Packaging and deployment

In this section, we will shortly describe some techniques we used along the project packaging and deployment.

Below is an approximate diagram of all the processes used in this project (for clarity, we presented it as a team of two co-workers).

Project packaging and deployment plan


Jupyter + Spark + Bind Mount.

This schema was used the most in this project:

  • Run this command from code :
docker-compose -f spark_bind-compose.yml up --scale spark-worker=2

  • Run Jupyter from another terminal using this command:
env token=cebd1261 docker-compose -f jupyter_bind-compose.yml up

  • Proceed with coding of one of the .ipynb files

spark+jupyter


Jupyter + Spark + Volumes.

In the middle of the project development process, we needed to access data_cleaning.ipynb and run some additional code without changing the existing file and its output. For this purpose, we've run jupyter-compose.yml that uses volume jupyter-data. When we opened Jupyter notebook there were some files already, but not the ones we needed:

Jupyter-data Volume

So we created a temporary folder with two files and copied them into Jupyter-data volume through busybox image:

jupyter-data volume files_after_adding_volume

Now we have a script folder with the files that we need inside our volume and whatever changes we do won't affect the original files. Later we will remove Jupyter-data volume.

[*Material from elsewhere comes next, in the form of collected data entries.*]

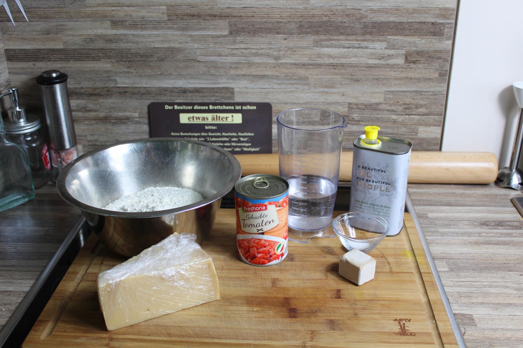 - Zuerst wird der Pizzateig gemacht. Dafür zerbrösle ich die Hefe und gebe sie in lauwarmes Wasser. Dort löse ich sie unter rühren auf. Jetzt werden das Mehl, das Salz, Öl und das Hefewasser in einer Schüssel verknetet. Hierbei sollte man sich schon ungefähr 10 Minuten Zeit lassen, damit der Teig später schön fluffig wird. Nun wird der Teig abgedeckt und an einem warmen Ort für etwa 3 Stunden gehen gelassen.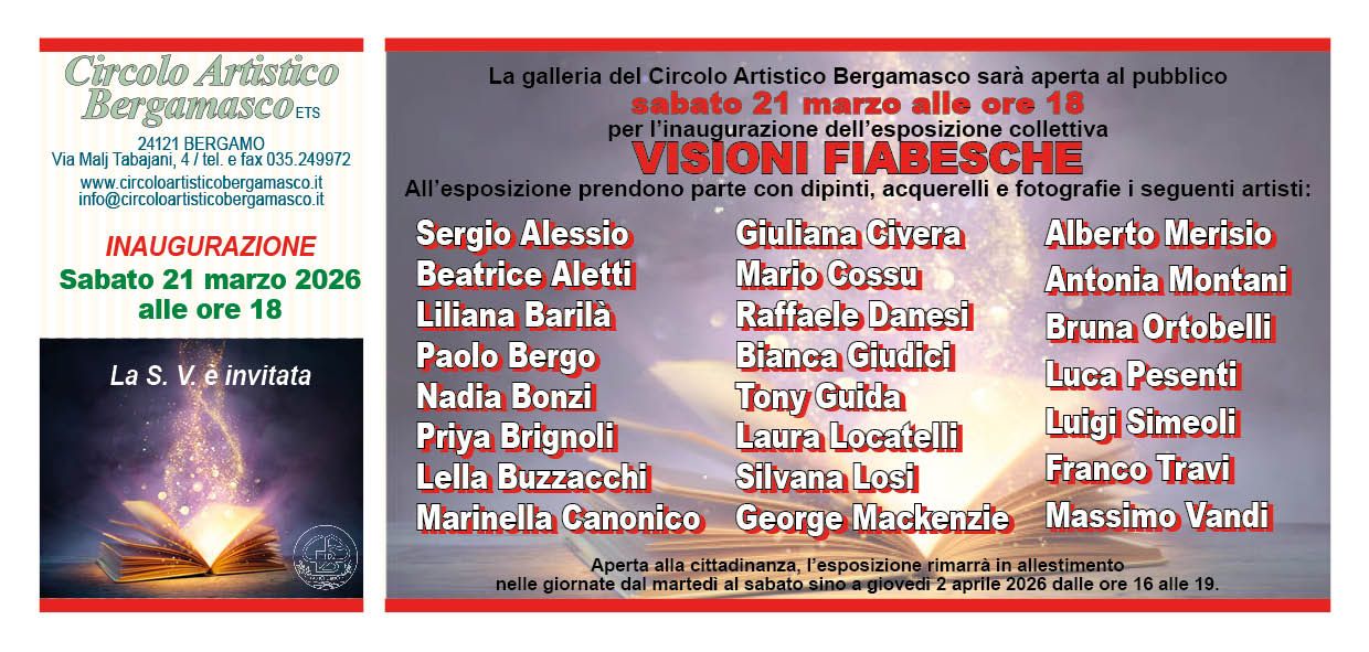 Dal 21 marzo al 2 aprile, al Circolo Artistico Bergamasco รจ in programma un'esposizione collettiva che intende descrivere in arte visioni fiabesche.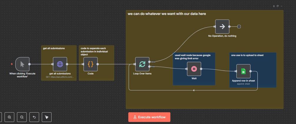 This workflow is a simple example showing how to fetch submissions from JotForm using its API and then use that data in another service — in this case, Google Sheets.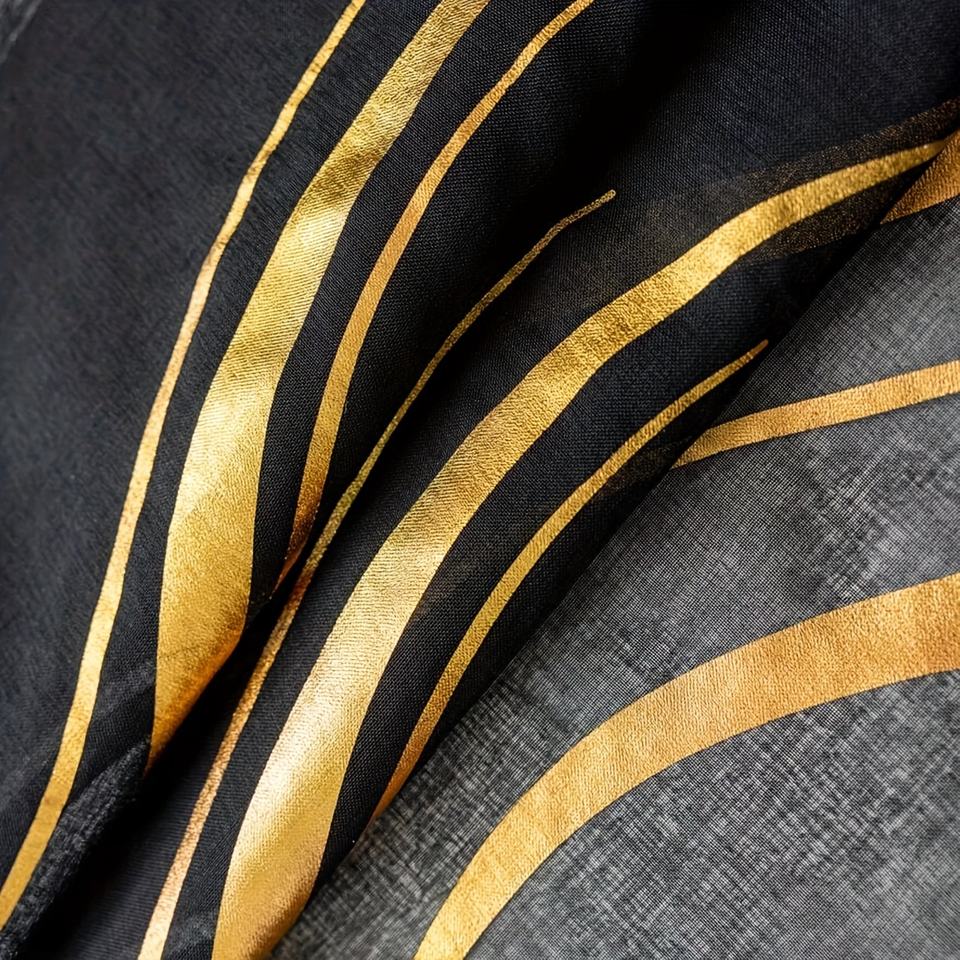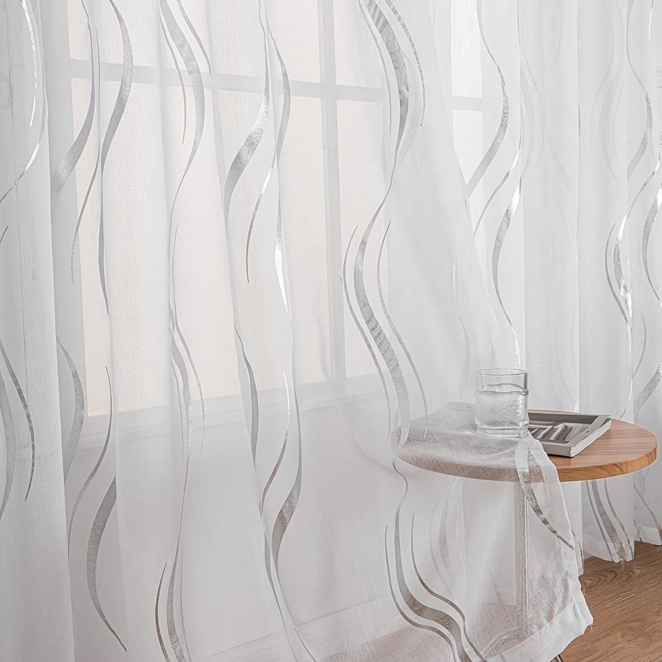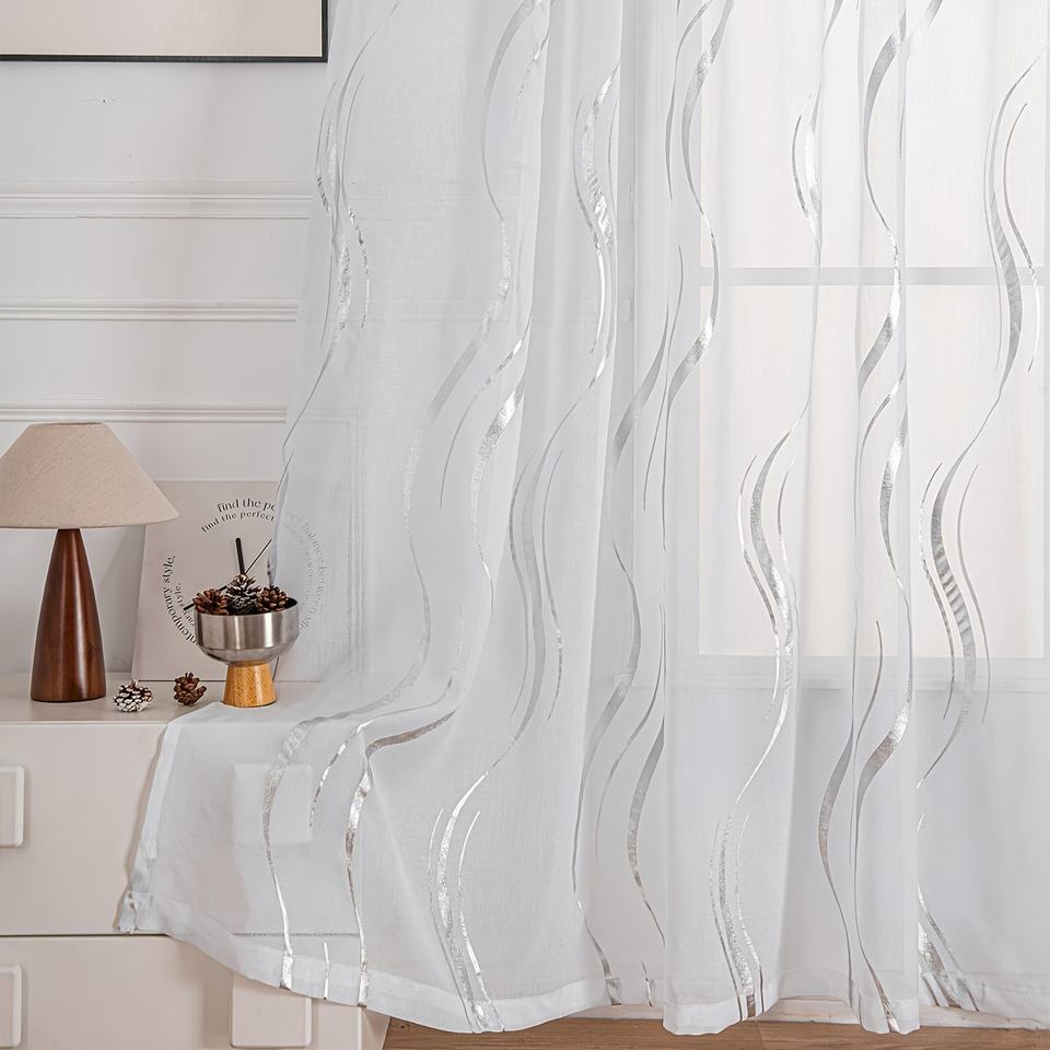 Cortinas transparentes con estampado de ondas de agua, diseño en blanco y negro con estampado en caliente dorado/plateado, tratamiento de ventana elegante para decoración del hogar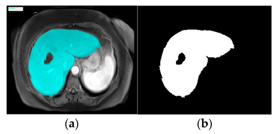 Images of parts of liver and tumors in liver: (a) ROI masking and (b) liver structure in binary code.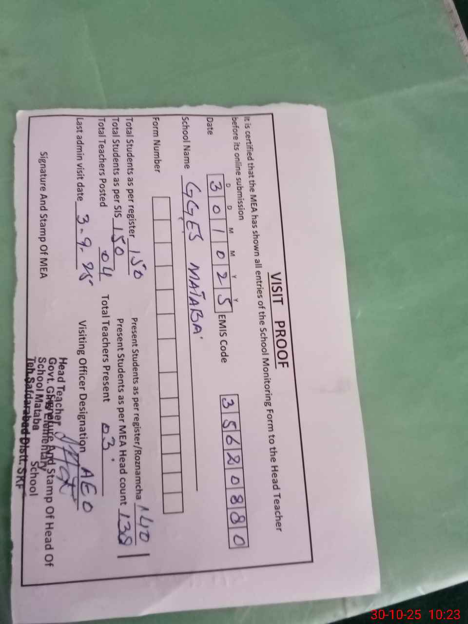 | Attendance Register | Head Teacher | MEA with School | Visit Proof |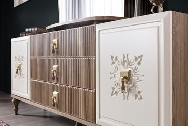 Zərif naxışlar, qızılı detallar və funksional saxlama ilə interyerə isti və möhtəşəm ab-hava qatır.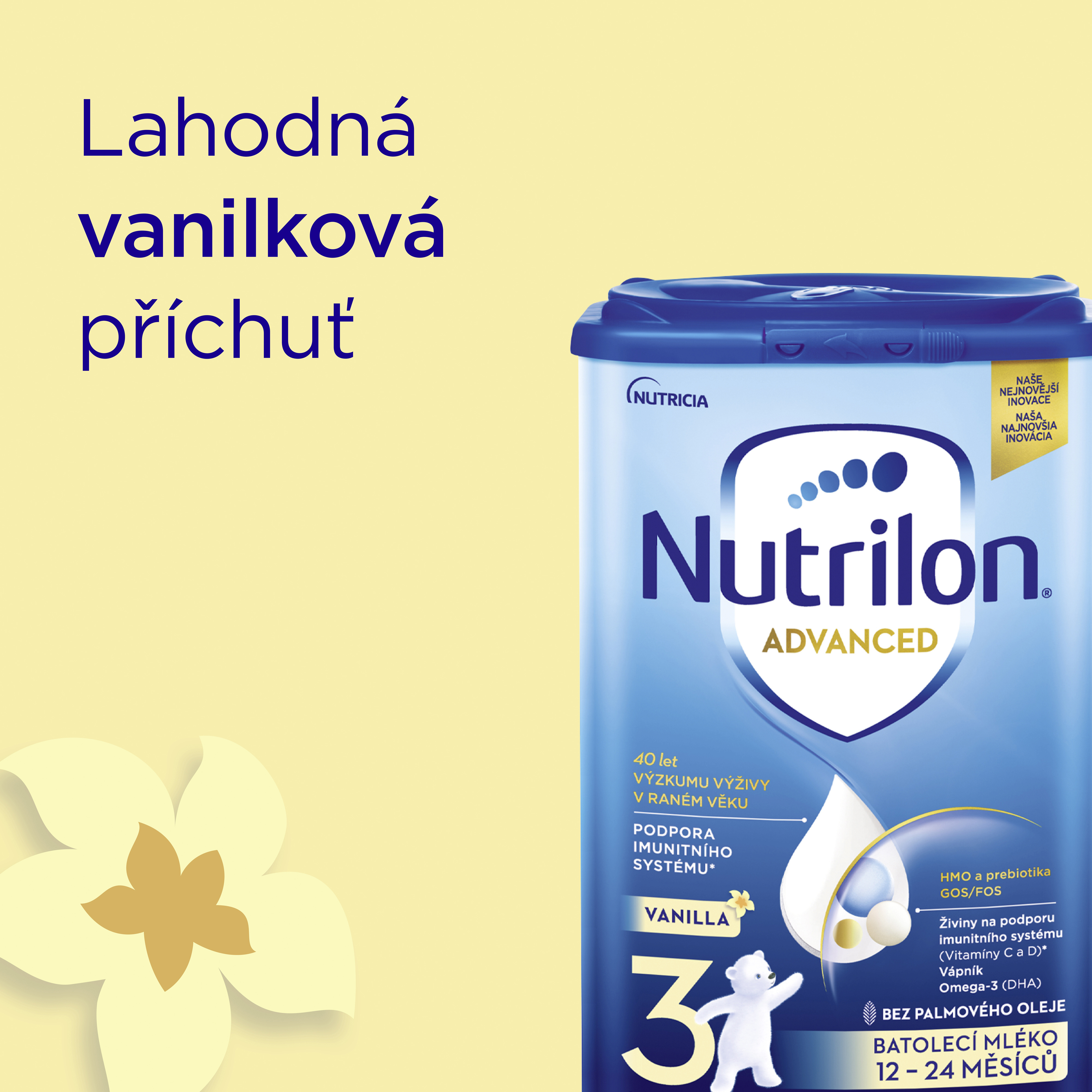 Výrobek je určen pro výživu dětí od 1 roku věku. Nutrilon 3 Advanced Vanilla má být součástí smíšené a vyvážené stravy dítěte a není náhradou mateřského mléka. Pro zdraví dětí je důležité důsledné dodržování návodu na přípravu i uvedených doporučení. Nevhodné pro děti do 1 roku věku. Kojení je pro děti nejlepší. Podporujeme doporučení WHO - plné kojení v prvních 6 měsících věku a pokračování až do 2 let a dále, spolu se zaváděním bezpečné a vhodné doplňkové stravy. Mléčná výživa malých dětí, v prášku. Připravenou stravu spotřebujte do 2 hodin, poté zlikvidujte. Neohřívejte v mikrovlnné troubě, hrozí opaření dítěte. Nikdy nepřidávejte do výživy více odměrek, než je stanoveno, ani cokoliv jiného. Dohlédněte na hygienu zoubků. Pro zdraví kojenců je důležité dodržovat návod na přípravu a uvedená doporučení.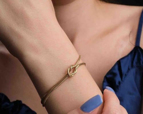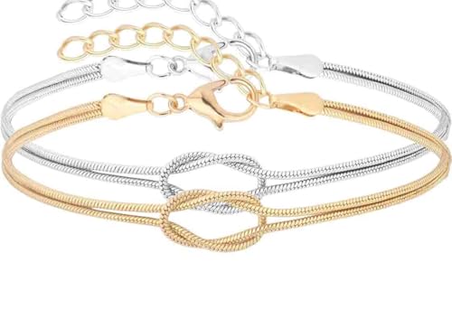 Generic - سوار مزدوج الطبقات بعقدة متشابكة ورمز الحب اللانهائي للنساء من الستانلس ستيل مطلي بالذهب عيار 18 قيراط مناسب كهدية لعيد الحب - قطعتين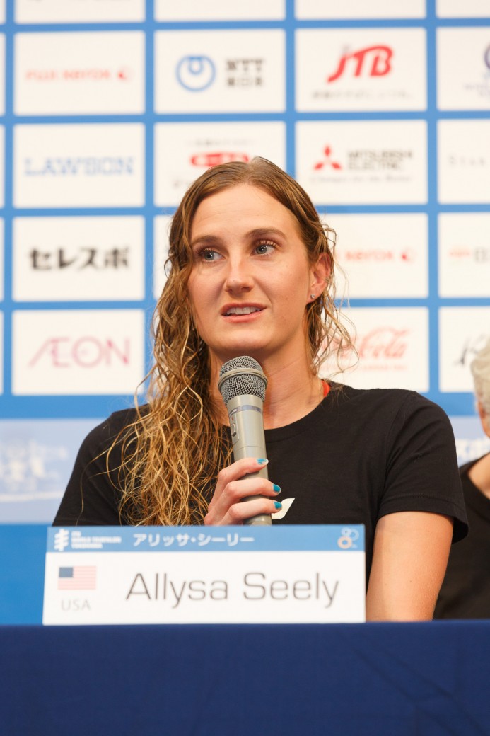 5月11日、パラトライアスロンの記者会見でのシーリー 写真・内田和稔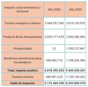 Utilizando la metodología de IATA (Asociación Internacional de Transporte Aéreo), se calculó que el aporte de Aerolíneas al PBI argentino en 2023 fue de 8.294 millones de dólares.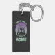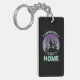 The black background creates a classic and sleek look while the sea green font in a Halloween font adds a pop of color. The circular picture on the front of the keychain features a creepy haunted house with barren trees, birds, and bats in the sky against a purple background, making it a perfect choice for anyone who loves spooky and modern Halloween style.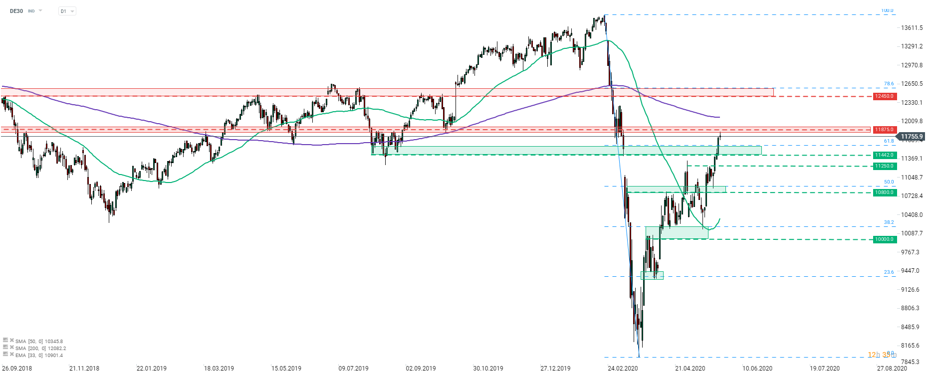 After clearing the 11,450-11,600 pts zone, DE30 has run into another important resistance. The index tested price zone ranging around 11,875 pts ahead of the European cash session open but gave up part of gains since. This is an important resistance marked with numerous tests over the previous 20 months. However, given strong upward momentum , this zone could also fall victim to bulls' binge buying. Some US hard data will be released in the early afternoon, including jobless claims and revised GDP report, but markets may not see much reaction to these. However, politics could play a role. Trump is expected to sign an executive order targeting social media companies today and it could have an impact on the sentiment. However, it seems that a major escalation in China-US tensions would be needed to trigger a more noticeable pullback on stock markets. The near-term support is the aforementioned 11,450-11,600 pts zone.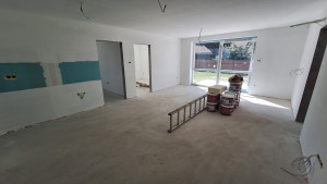 - Előszoba, nappali-konyha-étkező, 3 szoba, kamra, sarokkádas-zuhanyzós fürdő, külön mellékhelyiség + 25nm garázs és 16nm terasz.
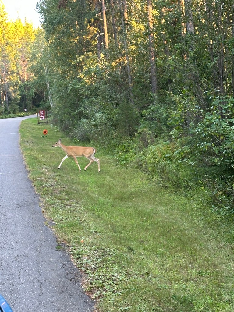 But we’ve seen nothing except a few cattle in the fields outside the park, a fiew small forest rodents, and a couple of dogs running free from homes along the road. Only this evening did we finally see one deer, but rather than in the park, this deer was in the entryway to our campground.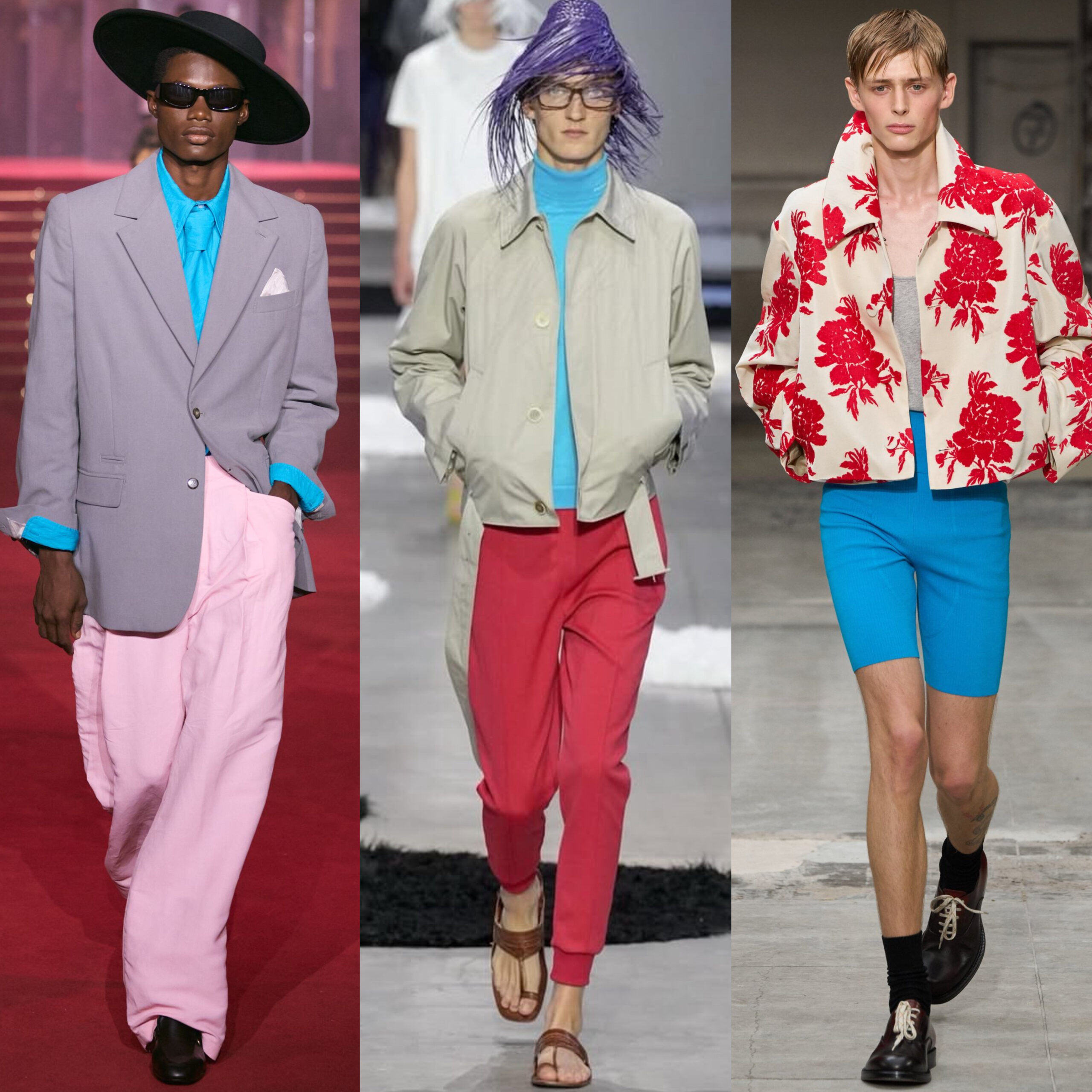 Color plays a major role this season, with a standout shade emerging across collections: a vivid, almost nostalgic aqua blue. Designers like Dries Van Noten and Martine Rose embraced it in bold, unexpected ways.

Jupyter + Spark + MondoDB.

To execute a jupyter-spark-mongo session:

  1. Run spark_mongo-compose.yml in the following format:
  • docker-compose -f spark-mongodb-compose.yml up --scale worker=2
  1. In another terminal run jupyter-compose.yml in the following format:
  • env TOKEN=cebd1261 docker-compose --file jupyter-compose.yml up

The session should now be available. We used Write_features_MongoDB.ipynb

  1. Once the session is available you can upload a test .csv file by using the Upload function.

  1. The database file can be viewed at http://localhost:8181


Spark + Parquet + HDFS.

  1. Run spark_hdfs-compose.yml with 2 workers:

    • docker-compose --file spark_hdfs-compose.yml up --scale spark-worker=2

    • Run Pyspark Script

  2. From another terminal, run the PySpark scriptcsv-to-parquet.py, and mount the current directory:

    •   docker run -t --rm \
        -v "$(pwd)":/script \
        --network=spark-network \
            mjhea0/spark:2.4.1 \
            bin/spark-submit \
                --master spark://master:7077 \
                --class endpoint \
                /script/csv-to-parquet.py
      
    • The script is running to: read the csv file, write it to hdfs in parquet format, read the file again from hfds and try some SQL queries:

    • Run PySpark Query

  3. Now, we have our data in parquet format, uploaded to HDFS, we can browse it on localhost: http://localhost:50070/explorer.html

    • Write parquet to hdfs

    • Write parquet to hdfs


GCP Dataproc cluster

Running data cleaning and EDA on a local cluster was fairly easy. Once we came to a stage where we needed to restructure the data for prediction it became impossible due to insufficient resources. We had to switch to GCP.

  • Create a bucket

bucket

  • Create a Dataproc cluster and connect to it our bucket, Anaconda and Jupyter components

create_cluster

  • Go to the Cluster and open Jupyter window.

  • Upload your files

cluster_jupyter_tree_running

  • Run the file without creating Spark session (in Dataproc it is created automatically)

spark session running


Running script on a Spark cluster

Our script takes a number of features as an input and output the predicted number of collisions based on the info we provided.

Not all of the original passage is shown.